An MEP of the far-right party Jobbik defended himself this week after being “outed” as having Jewish ancestry. Csanád Szegedi gave an interview to the Jobbik newspaper Barikád in which the 29-year-old nationalist denied there was any tension between him and Jobbik leader Gábor Vona. He stressed his Hungarian folk credentials and said he was still adjusting to what he claims is the “news” that his maternal grandmother was Jewish and survived deportation to Auschwitz in 1944.
Shocked and mocked
“A hundred years ago there were a million Jews living in Hungary, who considered themselves Hungarian, and one cannot say that there was a problem with all of them,” Szegedi told the newspaper, apparently without irony. “I’m not saying I wasn’t shocked by this new information, and it will probably take some time for me to come to terms with these events.”
Cyberspace was, unsurprisingly, awash with mockery of Szegedi, whose party is known for its anti-semitic rhetoric. “If my grandmother was named Magdolna Klein and I knew she had been transported to Auschwitz, I might just have suspected the possibility of my having Jewish roots,” one commentator wrote on the right-wing blog mandiner.hu.
Vona said in a Wednesday television interview that he still had confidence in Szegedi, who had just been elected as branch leader of the Jobbik stronghold of Borsod County.
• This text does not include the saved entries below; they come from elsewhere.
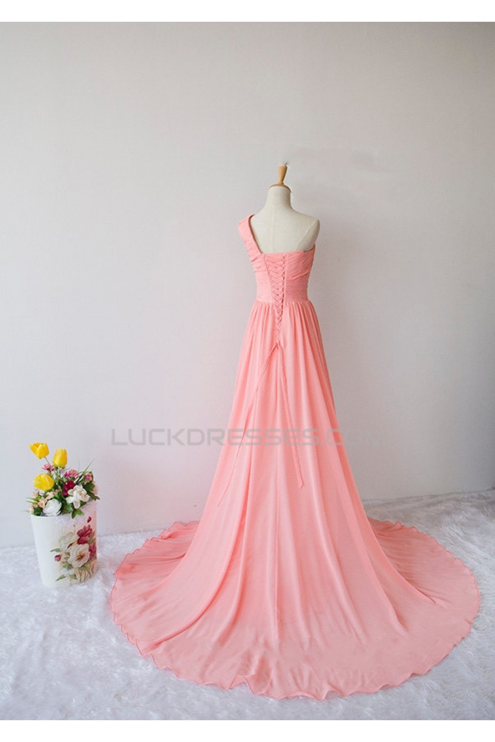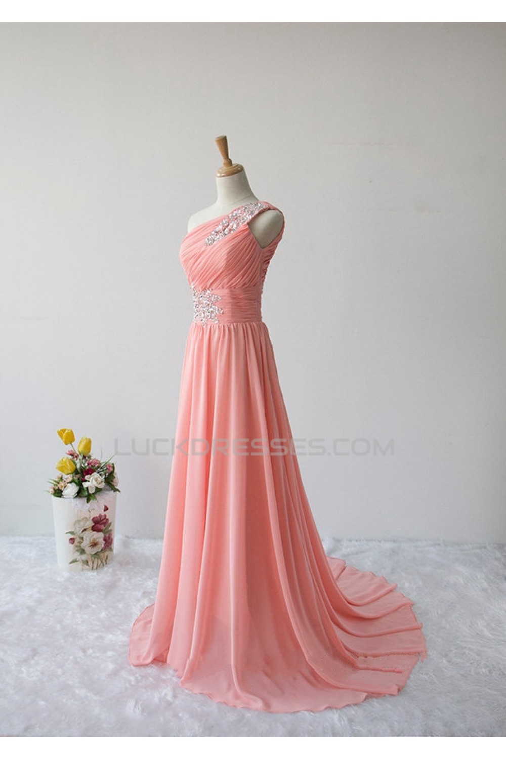 A-Line One-Shoulder Beaded Long Chiffon Prom Evening Formal Dresses ED011604
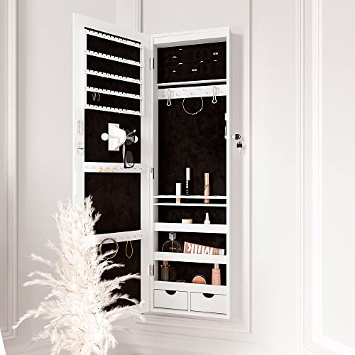Amelia Porta/Montato su La-Parete Lunghezza Totale Camera da Letto Mobile Specchio Gioielli con Luci LED Cassetti Scaffale con Serratura per Trucco/Cosmetici (Bianco)
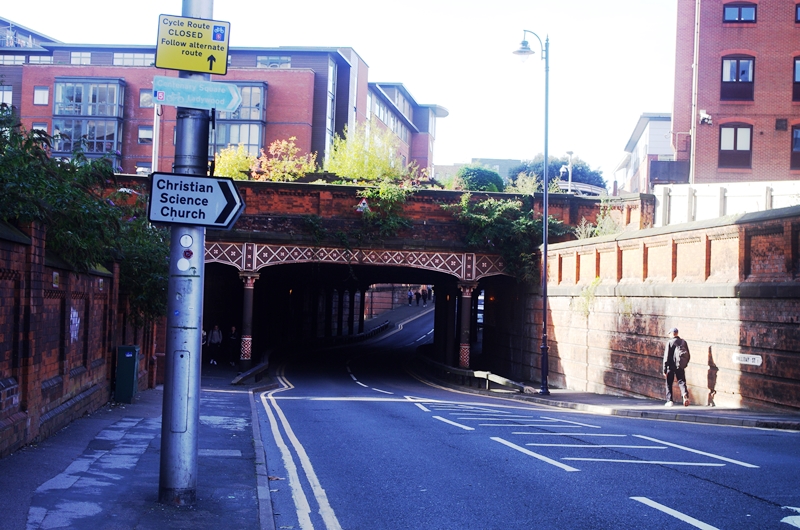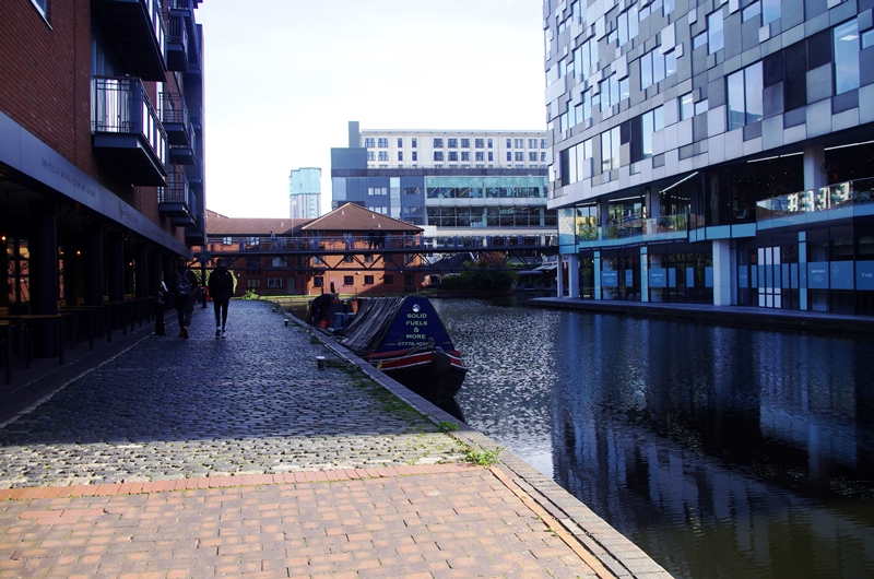 I started this walk by taking the train to Birmingham Moor Street. Across the road are steps leading to New Street and the shopping area. Just past New street Station I turned left down Stephenson Street, which has tram tracks now, then left down Navigation Street, under Suffolk Street Queensway and down Holliday Street. This goes under the canal. The next left gives access to the Waterfront Walk.
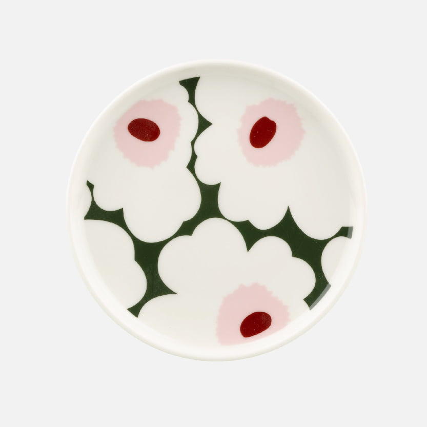 …………………… (税込)4,180円 - 花をモチーフにしたUnikko柄が卓上で存在感を放つ日本限定のプレート。フチが少し高くなった丸型フォルム。小ぶりな13.5cmサイズは使い勝手が良く、前菜やスイーツなどの取り分けにも活躍。ホワイトとダークグリーンをベースに、愛らしいライトピンクをアクセントにプラスしています。

Szegedi landed his job in Brussels in 2009 after a surprisingly strong showing by Jobbik in the EU elections. He became notorious for wearing the uniform of the outlawed paramilitary Magyar Gárda (Hungarian Guard) in the European Parliament (pictured above). His stated ambition is to see Hungary regain territory lost after the First World War, and he once called for the setting up of interment camps to isolate Roma families.